→ Records for the task:
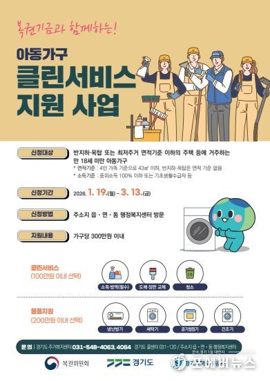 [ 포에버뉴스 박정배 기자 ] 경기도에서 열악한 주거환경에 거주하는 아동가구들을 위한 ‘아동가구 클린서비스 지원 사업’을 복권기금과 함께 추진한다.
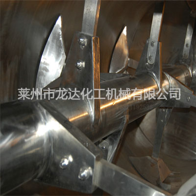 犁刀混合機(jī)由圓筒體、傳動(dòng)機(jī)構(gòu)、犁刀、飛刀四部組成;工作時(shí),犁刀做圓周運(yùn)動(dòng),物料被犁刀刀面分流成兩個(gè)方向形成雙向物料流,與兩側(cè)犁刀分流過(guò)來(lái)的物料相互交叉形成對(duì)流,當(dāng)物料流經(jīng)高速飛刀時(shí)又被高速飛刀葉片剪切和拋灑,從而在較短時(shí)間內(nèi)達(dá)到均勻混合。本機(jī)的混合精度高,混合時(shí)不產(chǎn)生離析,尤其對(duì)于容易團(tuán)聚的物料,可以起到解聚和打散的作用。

...

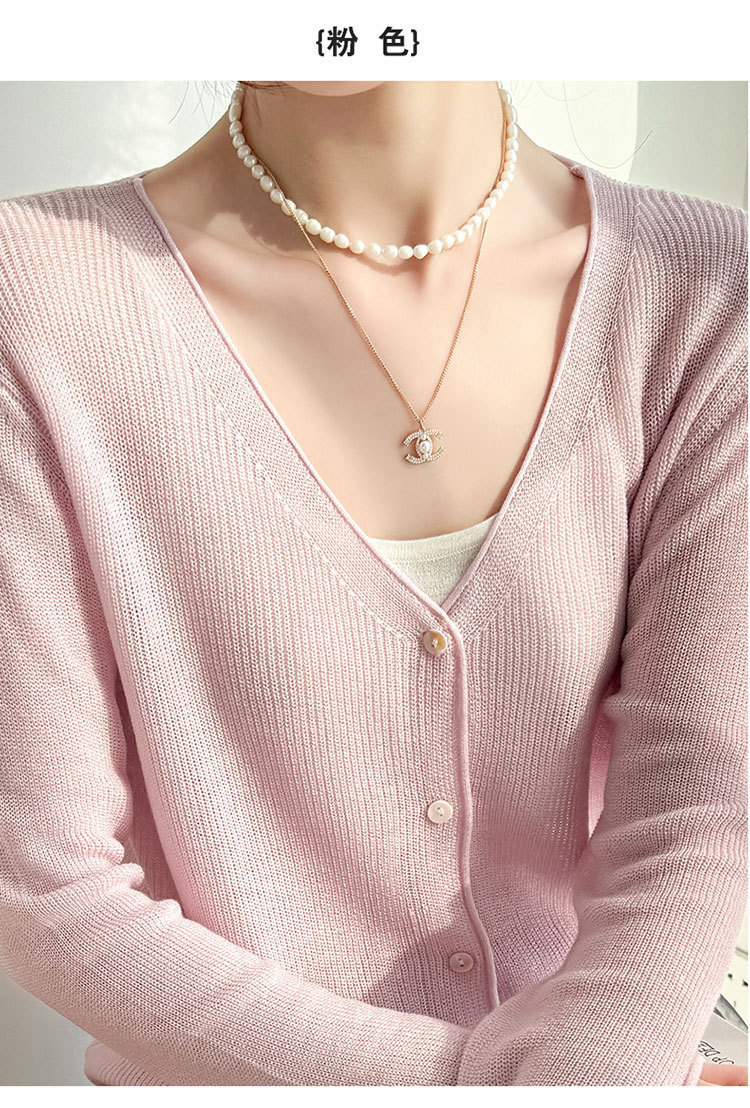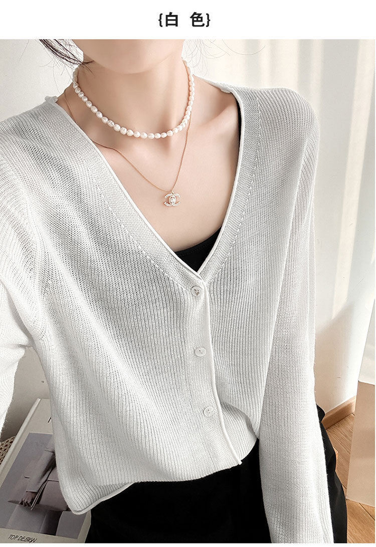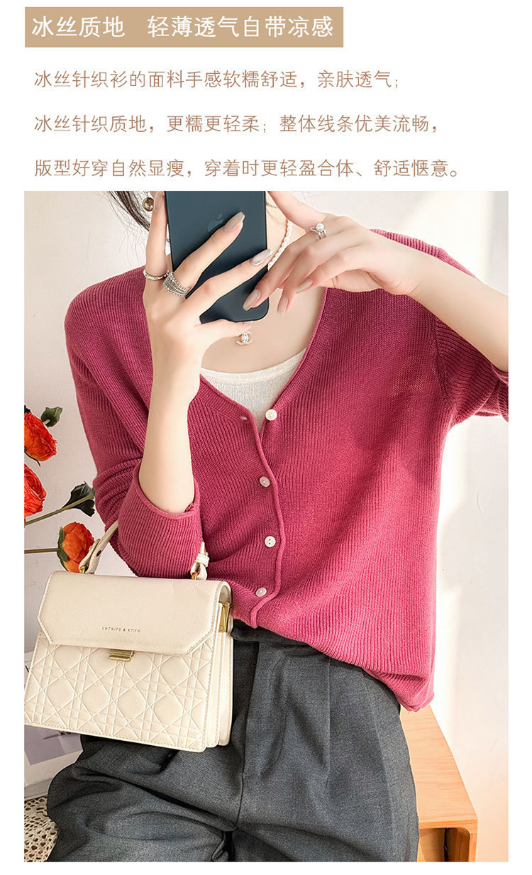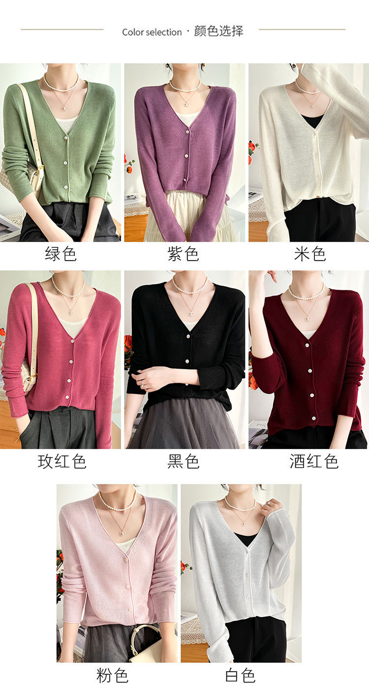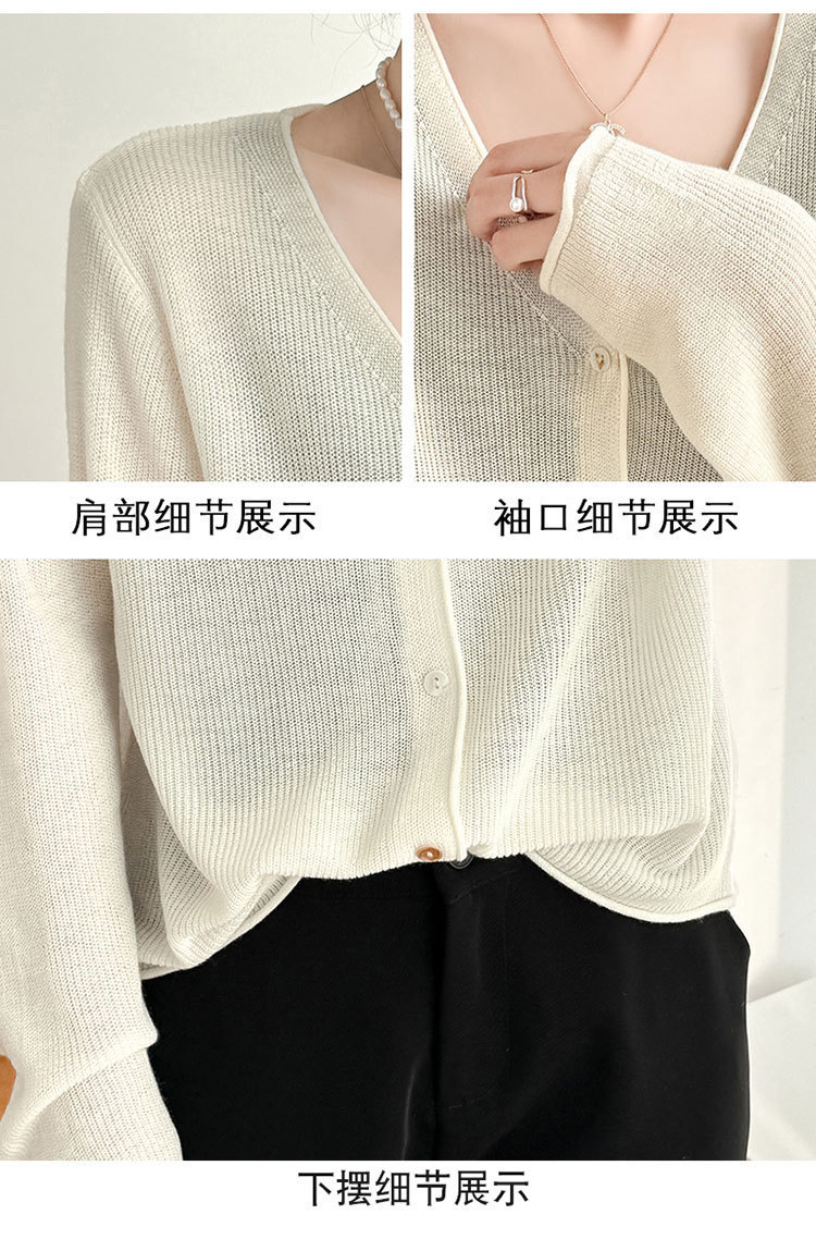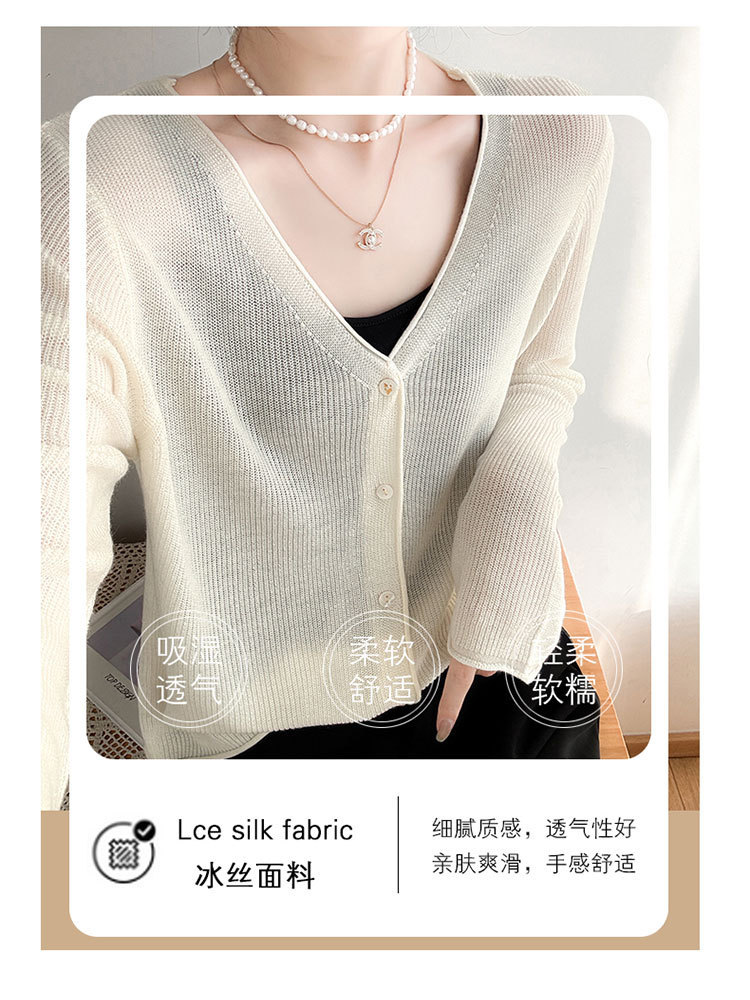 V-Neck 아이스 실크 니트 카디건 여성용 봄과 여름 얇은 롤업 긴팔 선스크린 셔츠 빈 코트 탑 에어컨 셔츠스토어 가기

→ How to complete this task: Reproduce word for word, with pictures dropped, only the part of the material above that opens with the line containing "[ 포에버뉴스 박정배" and closes with the line containing "犁刀混合機(jī)由圓筒體、".

→ The answer:
 [ 포에버뉴스 박정배 기자 ] 경기도에서 열악한 주거환경에 거주하는 아동가구들을 위한 ‘아동가구 클린서비스 지원 사업’을 복권기금과 함께 추진한다.
 犁刀混合機(jī)由圓筒體、傳動(dòng)機(jī)構(gòu)、犁刀、飛刀四部組成;工作時(shí),犁刀做圓周運(yùn)動(dòng),物料被犁刀刀面分流成兩個(gè)方向形成雙向物料流,與兩側(cè)犁刀分流過(guò)來(lái)的物料相互交叉形成對(duì)流,當(dāng)物料流經(jīng)高速飛刀時(shí)又被高速飛刀葉片剪切和拋灑,從而在較短時(shí)間內(nèi)達(dá)到均勻混合。本機(jī)的混合精度高,混合時(shí)不產(chǎn)生離析,尤其對(duì)于容易團(tuán)聚的物料,可以起到解聚和打散的作用。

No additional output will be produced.